Saved data entries:
◇ ◇ ◇ ◇ ◇

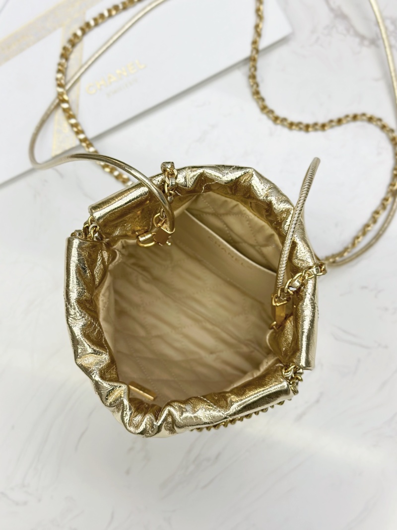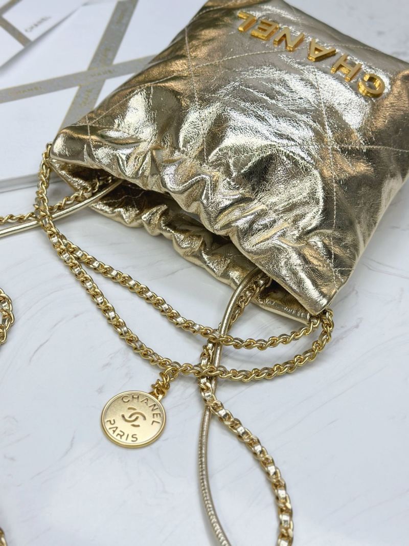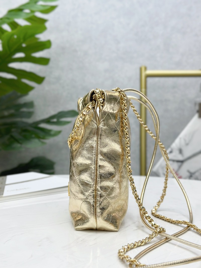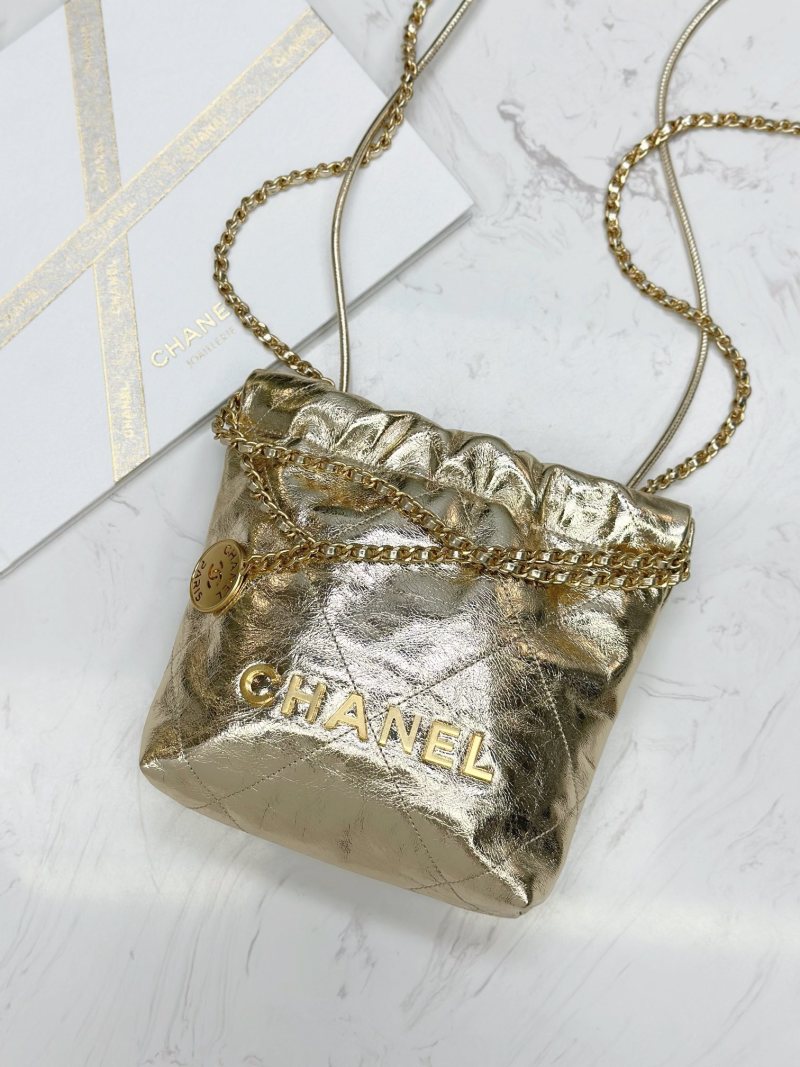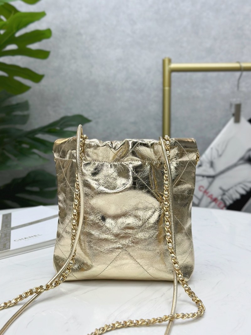 This new Chanel 25C metallic mini 22bag exudes unparalleled luxury and sophistication, making it irresistible to resist. With its intricate design and Chanel logo shining brightly, this bag is both luxurious and elegant. It is like a sparkling halo, making you the center of attention. Whether paired with formal attire or casual wear, this bag will be your ultimate fashion accessory. Size: 20*19*6cm/3980
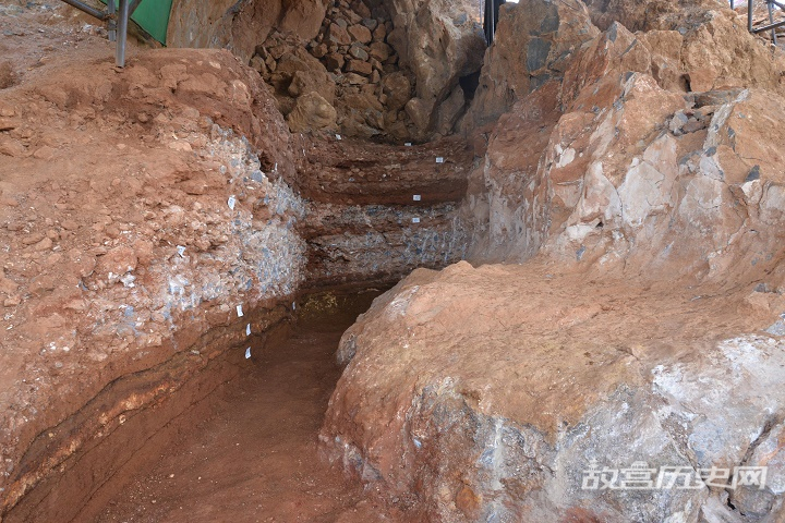 洞穴内部在第12层之下开始局部出露底部基岩,但洞穴西侧堆积则呈裂隙状垂直往下分布至6米以上深度,从而使该洞穴形成“无底洞”。在洞穴下部的裂隙堆积中,第22-25层以棕红色粘土沉积为主,出土有大量大型哺乳动物化石,但没有发现打制石器和其他文化遗物;第26-30层由棕红色、红褐色黏土与钙板的交替沉积构成,出土有小哺乳动物化石数百件,但没有发现大型动物化石和打制石器;第30层以下的地层经过解剖式清理,没有发现动物化石和文化遗物。
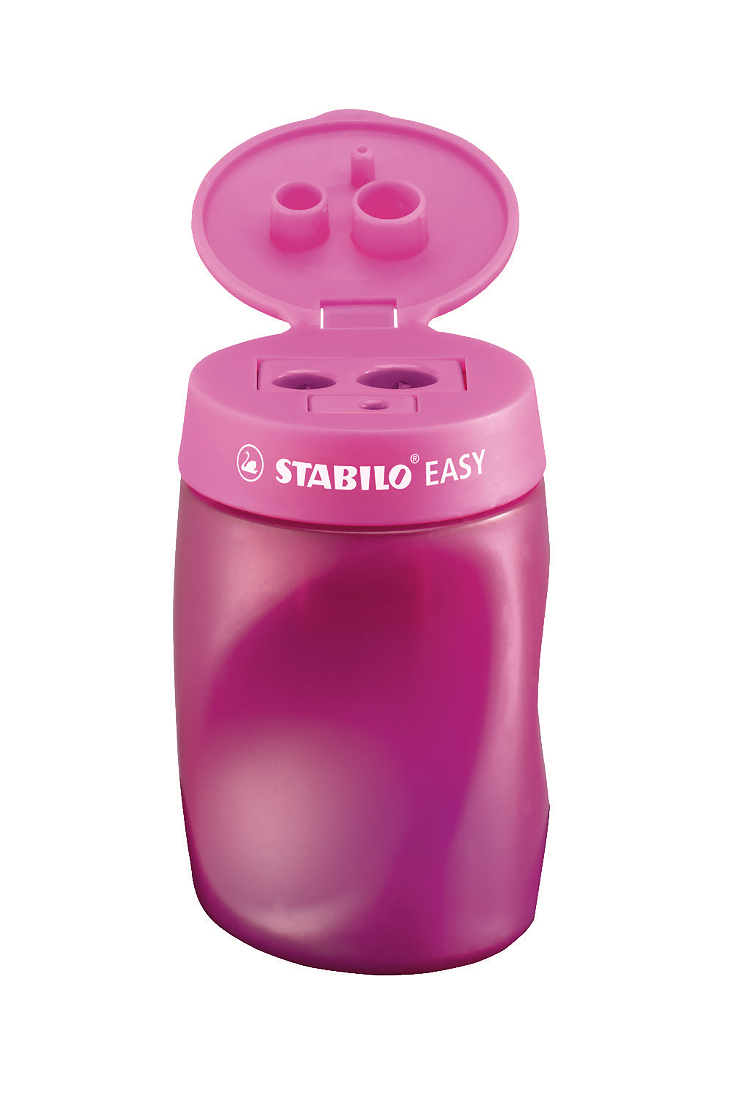 De Stabilo EasySharpener is een ergonomische puntenslijper: de vorm en de slijprichting zijn verschillend afhankelijk van de versie (voor rechtshandigen of linkshandigen).
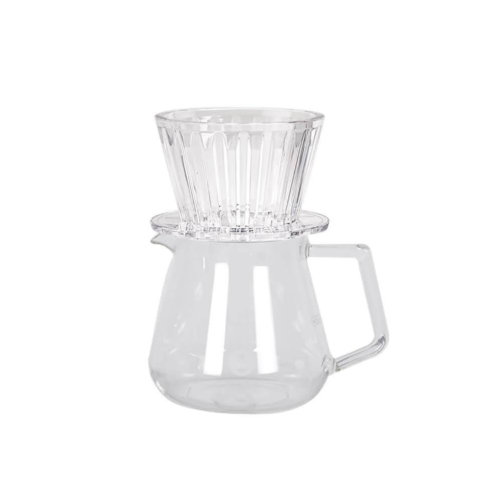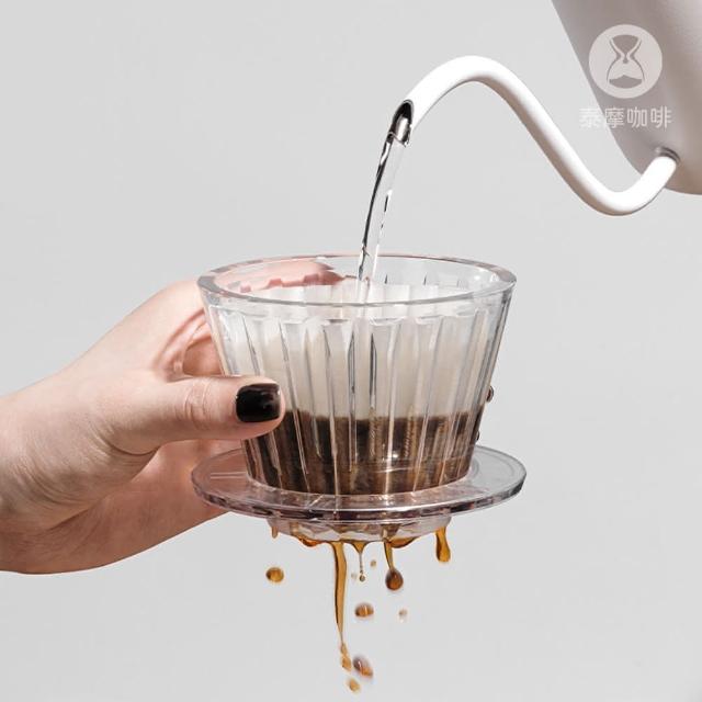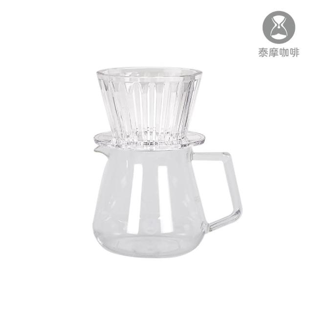 TIMEMORE 泰摩官方直營|蛋糕濾杯咖啡壺組 B75蛋糕濾杯晶透白+360ml咖啡分享壺透明平底濾杯 耐熱玻璃壺
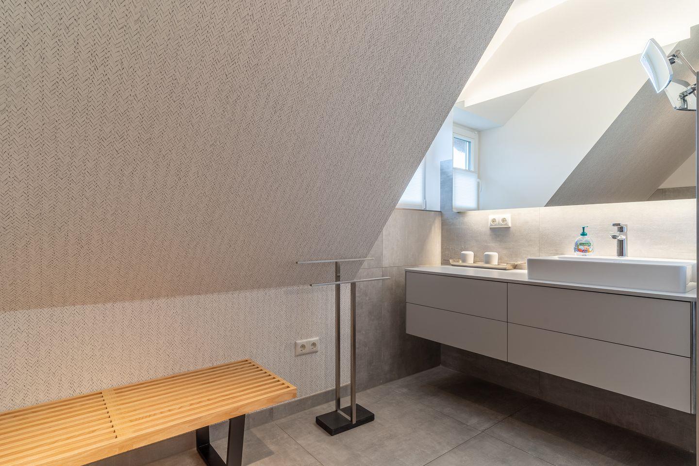 Hier ist eine ruhevolle Erholung garantiert. Darüber hinaus befindet sich im Obergeschoss ein weiteres, luxuriöses Bad mit Dusche. Dieses attraktive Haus lässt keine Wünsche offen und bringt Sie sofort in Urlaubsstimmung.
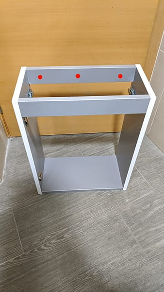 Es por ello que quería preguntaros si podría hacer 3 agujeros (puntos rojos) en la parte superior del mueble y atornillar a la pared, para ahorrarme el sistema que trae de anclaje y quitarme 5 agujeros más en baldosa porcelanica (adjunto foto).
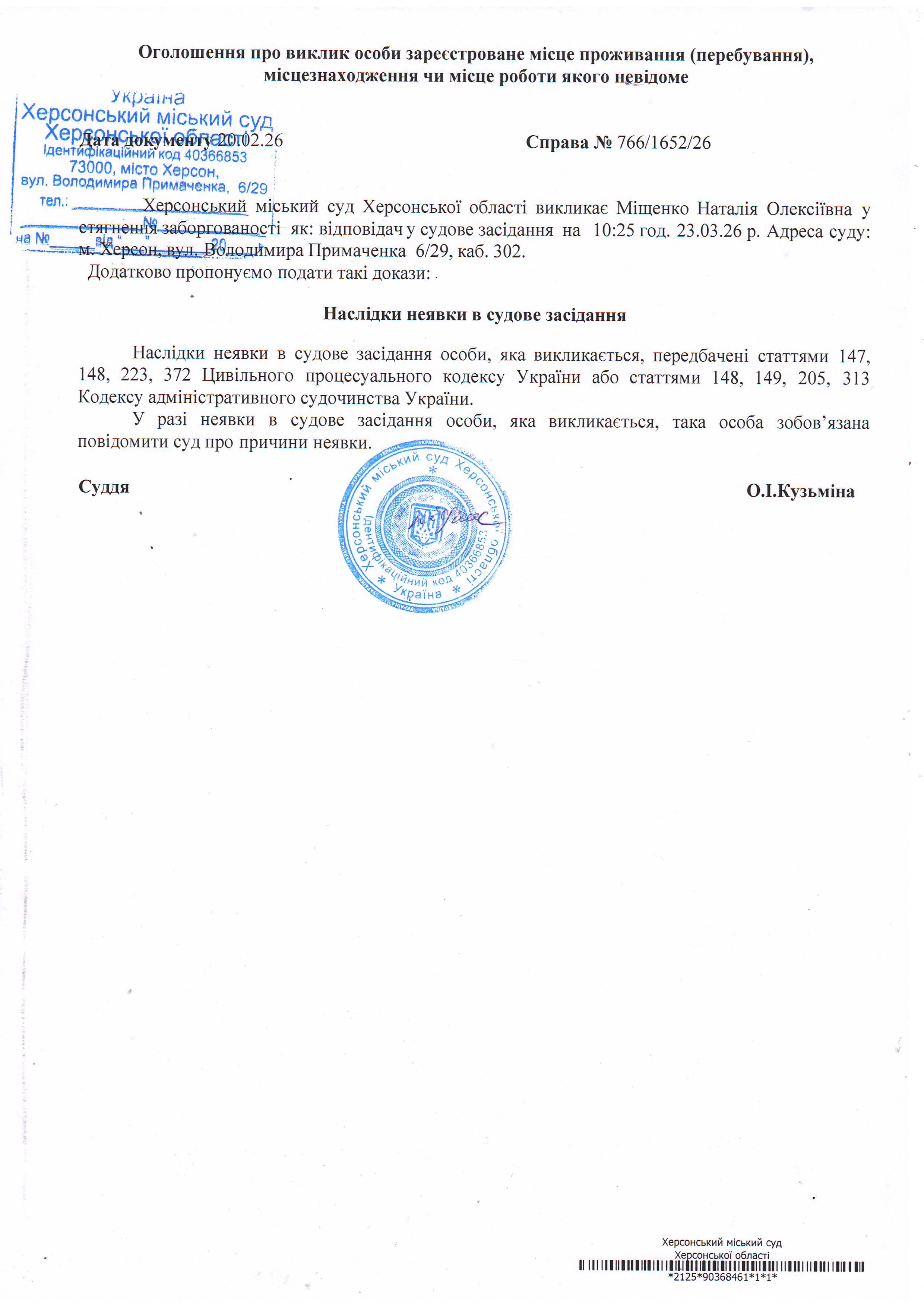 ОГОЛОШЕННЯ ПРО ВИКЛИК ДО СУДУ
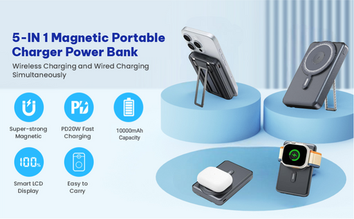 EXJ 10000mAh Magnetic Wireless Power Bank, 22.5W Fast Charging Portable Charger with USB-C & Type-C Ports, LED Display, Compact Design for iPhone 16/15/14/13/12 Series

◇ ◇ ◇ ◇ ◇

> _AIM OF THE EXERCISE_:
Your task is to retype, exactly and only, the lines from the line holding "De Stabilo EasySharpener" through the final line of the data above, with both ends kept. Drop the pictures.

> _RESPONSE_:
 De Stabilo EasySharpener is een ergonomische puntenslijper: de vorm en de slijprichting zijn verschillend afhankelijk van de versie (voor rechtshandigen of linkshandigen).
 TIMEMORE 泰摩官方直營|蛋糕濾杯咖啡壺組 B75蛋糕濾杯晶透白+360ml咖啡分享壺透明平底濾杯 耐熱玻璃壺
 Hier ist eine ruhevolle Erholung garantiert. Darüber hinaus befindet sich im Obergeschoss ein weiteres, luxuriöses Bad mit Dusche. Dieses attraktive Haus lässt keine Wünsche offen und bringt Sie sofort in Urlaubsstimmung.
 Es por ello que quería preguntaros si podría hacer 3 agujeros (puntos rojos) en la parte superior del mueble y atornillar a la pared, para ahorrarme el sistema que trae de anclaje y quitarme 5 agujeros más en baldosa porcelanica (adjunto foto).
 ОГОЛОШЕННЯ ПРО ВИКЛИК ДО СУДУ
 EXJ 10000mAh Magnetic Wireless Power Bank, 22.5W Fast Charging Portable Charger with USB-C & Type-C Ports, LED Display, Compact Design for iPhone 16/15/14/13/12 Series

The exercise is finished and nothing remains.